Wir stehen mit der heutigen DV wieder vor wichtigen Entscheiden. Wichtige Entscheide nicht nur für uns, für unsere Mitglieder, sondern darüber hinaus für die ganze Gesellschaft. – Vor 2 Jahren haben wir mit der Mindestlohninitiative ein neues Kapitel in der Lohnpolitik unseres Landes aufgeschlagen. Die Initiative ist inzwischen gesammelt und eingereicht. Sie prägt schon heute die lohnpolitischen Diskussionen weit über unsere Reihen hinaus.

Jetzt geht es um ein neues Kapitel in der Rentenpolitik. Zu lange ist bei den Renten nichts mehr Positives passiert. Die zehn Jahre unter den freisinnigen Sozialministern Couchepin und Burkhalter waren verlorene Jahre. Geprägt waren sie von Projekten zum Sozialabbau. Mit unseren erfolgreichen Referenden bei der AHV und den Pensionskassen haben wir den Rentenabbau verhindert. Aber vorwärts gekommen sind wir nicht mehr. Die Renten hinken den Löhnen hinterher. Doch die Lebenshaltungskosten, die Krankenkassenprämien und die Wohnkosten steigen. Kein Wunder reichen die Renten bei Rentnerhaushalten in bescheidenen finanziellen Verhältnissen nur noch knapp oder gar nicht mehr für ein anständiges Leben. Jetzt ist es Zeit, endlich wieder für ein Stück sozialen Fortschritt auch in der Rentenpolitik zu sorgen.

Die Idee von AHVplus ist am SGB-Kongress Ende 2010 lanciert worden. Seither hat das SGB-Sekretariat viel gearbeitet. Die heutige DV stellt die Weichen für das Projekt.

Ausgangspunkt für AHVplus ist der Verfassungsauftrag. Die Verfassung verlangt, dass die Renten der AHV und der Pensionskasse zusammen die „Fortsetzung des gewohnten Lebens in angemessener Weise“ gewährleisten müssen. Das ist heute bei zu vielen Leuten mit unteren und mittleren Einkommen nicht oder nicht mehr der Fall.

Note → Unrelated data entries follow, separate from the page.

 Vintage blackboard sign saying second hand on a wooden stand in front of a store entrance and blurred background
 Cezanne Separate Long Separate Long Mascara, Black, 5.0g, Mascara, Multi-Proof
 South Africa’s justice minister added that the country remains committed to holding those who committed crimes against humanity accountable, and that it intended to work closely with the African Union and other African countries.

AHVplus setzt auf die Verbesserung der AHV-Renten. Und damit auf das Erfolgsmodell AHV mit seinem für die grosse Mehrheit der Bevölkerung sehr guten Preis-Leistungsverhältnis. Die AHV ist solide finanziert. – Das Modell AHV ermöglicht es, dass bereits die heutige Rentnergeneration von AHVplus profitieren kann. Die vielen Rentnerinnen und Rentner mit bescheideneren Einkommen brauchen das.

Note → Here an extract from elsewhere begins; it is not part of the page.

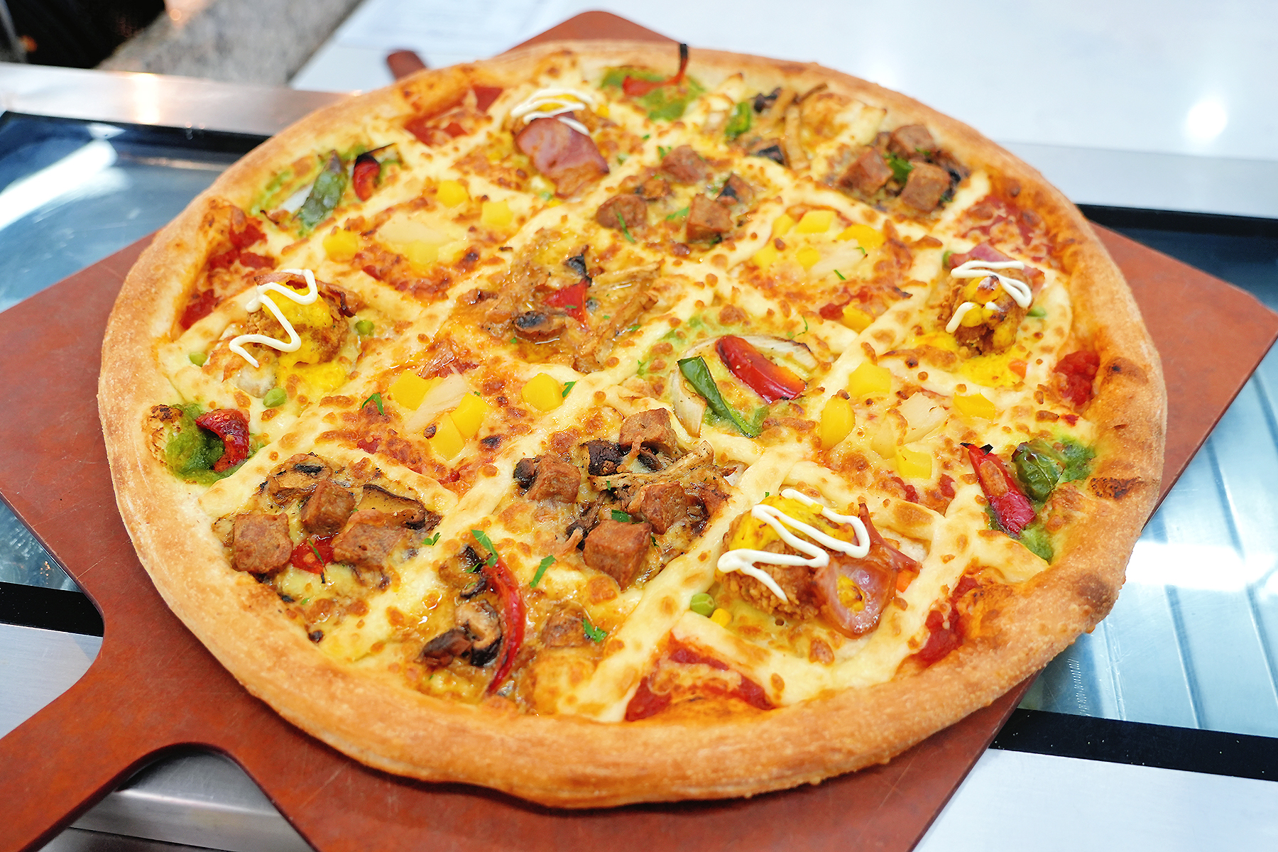 手工披萨在制作环节上可开放多元需求选项,让顾客获得个性化定做的专属参与感。如包边馅料选择(香肠、芝士棒、薯泥、芋泥、奶泥等)、顶料拼单(双拼、四拼、八拼等)、蘸酱配置(番茄酱、芝士酱等)等选项服务,无需额外成本即可落地,轻松贴合大众偏好。

Bessere Leistungen sind über die 2. Säule realistischer Weise bis auf weiteres nicht finanzierbar, erst recht nicht für die ältere Generation. Wir müssen bei den Pensionskassen in der heutigen Situation schon froh sein, dass es nicht zu Rentenverschlechterungen kommt. – Bei der AHV gibt es einen Nachholbedarf. Zu lange sind die AHV-Renten nicht mehr voll an die Entwicklung der Löhne und an die Entwicklung der Lebenshaltungskosten angepasst worden.

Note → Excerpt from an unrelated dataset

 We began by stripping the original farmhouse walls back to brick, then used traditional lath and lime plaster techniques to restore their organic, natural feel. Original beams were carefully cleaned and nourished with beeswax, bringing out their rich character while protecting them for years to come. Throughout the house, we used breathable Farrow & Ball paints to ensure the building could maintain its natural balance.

Deshalb braucht es jetzt einen neuen Zyklus in der Rentenpolitik: Mit besseren AHV-Renten für die Leute mit unteren und mittleren Einkommen statt Verschlechterungen, mit denen aus dem Bundeshaus in den letzten zehn Jahren ständig gedroht worden ist.

Wichtig ist: Wir sind mit der Forderung nach Rentenverbesserungen nicht mehr allein. Die CVP hat im Wahlkampf eine Initiative lanciert, die zu weit höheren Renten für Ehepaare führen würde, Stichwort „Abschaffung der Plafonierung der Ehepaarrenten“. Egal, ob das nur eine Wahlkampfidee war oder ob die Idee ernst gemeint ist, und auch wenn diese Initiative ihre Haken hat: Zentral ist, dass damit erstmals seit langem eine bürgerliche Partei höhere AHV-Renten will.

Höhere AHV-Renten sind somit das Thema der kommenden Runde in der Auseinandersetzung um die Altersvorsorge. AHVplus liefert dafür die entscheidende Vorgabe.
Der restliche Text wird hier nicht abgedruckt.